As the heat eases and evening approaches, I head out to Villamanrique, a small village about half an hour west of Seville. For much of the year, this old agricultural community is virtually dormant, but then festival season arrives and all must be ready for what happens next.
The largest is the Feria de Abril, which comes around the same time as Seville’s 40,000 orange trees blossom, the spring breeze perfuming the entire city. The Feria is marked by holidays, revelry, and the gory demise of several bulls. It matters round here, it really does, but out in the countryside, the focus is more on El Rocío and a grand pilgrimage leading almost 60km southwest to a village bearing that name. These annual migrations aren’t mock processions designed to imitate the old days – they are as they have always been. For 700 years, people have marched to El Rocío to worship the Virgin of the Dew.

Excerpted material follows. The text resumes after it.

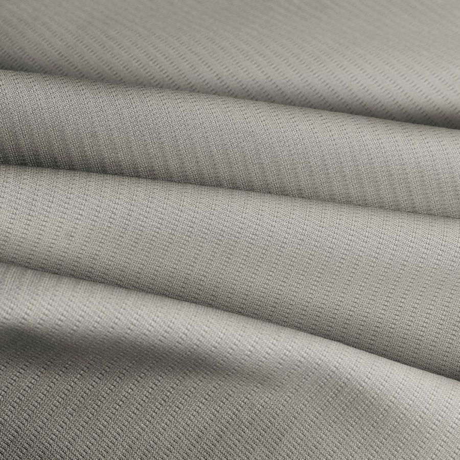 La tela base de esta referencia es el Tejido Técnico Transpirable - Fresh, compuesta por 100% poliéster, con un gramaje de 135 gr/m2, un ancho de 150 cm y cuidados especiales, como lavado máximo a 60ºC y sin blanqueador ni lavado en seco. El color liso impreso viene en tonos crudo y ceniza blanca, con un valor de 16 en cian, 9 en magenta, 23 en amarillo y 0 en negro en el modelo CMYK.
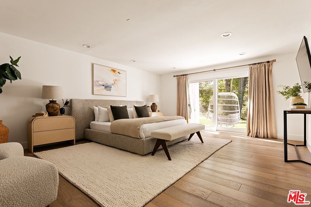 This spacious master bedroom emphasizes comfort and subtle elegance with a neutral color palette centered around soft beige, cream, and natural wood tones. The large bed features a padded headboard and is dressed with textured linens and contrasting dark throw pillows. A bench with angled legs sits at the foot of the bed atop a plush woven rug that anchors the space. Light wood nightstands hold rustic-style lamps and decor, balancing the modern with a touch of earthy warmth. Natural light floods in through sliding glass doors, framed with beige curtains, which open to a tranquil outdoor area with hanging wicker chairs. The hardwood floor adds warmth and continuity to the room’s serene, modern aesthetic.

In Villamanrique, locals are preparing for the great parade by dancing flamenco to an infectious rhythm set by pipe and tabor players. In front of old thatched-roof farm buildings, girls with heavy, expert make-up move to the music, control just winning out over chaos. The artificial flowers in their hair cope admirably as they spin and flourish in the warm dusk. One dancer takes her shoes off to dance barefoot on the grass; another in a polka-dot dress sits atop a horse which appears to dance too. On and on the drums and flutes play. Then, in the middle of it all, a skinny woman with a long neck and huge golden hoops through her ears begins dancing to a slightly different rhythm. The rest stand back in something like awe. “She’s part gypsy,” my guide whispers conspiratorially in my ear.
TRIANA
Gypsy history is important in this region, and nowhere more so than in Triana, the Bohemian neighbourhood on the west banks of the Guadalquivir River. When the Romani were expelled from Seville in the mid-18th Century, they settled here. Before long, their suffering found release in music, and bullfighting, and pottery. Those distinctive blue-and-white ceramics are still found all over the city, covering bridges, decorating palaces. “Triana is a factory of artists,” Justo Lora said to me a couple of days earlier. “All of the greatest dancers and matadors came from here.”
On my last night in Seville, I am alone in Triana, a little unsure what to do with myself. The maze of lanes and avenues doesn’t make planning easy, and while there are attractions on this side of the river (including Santa Ana, the oldest church anywhere in Seville) it’s obviously not as historically rich as within the city walls.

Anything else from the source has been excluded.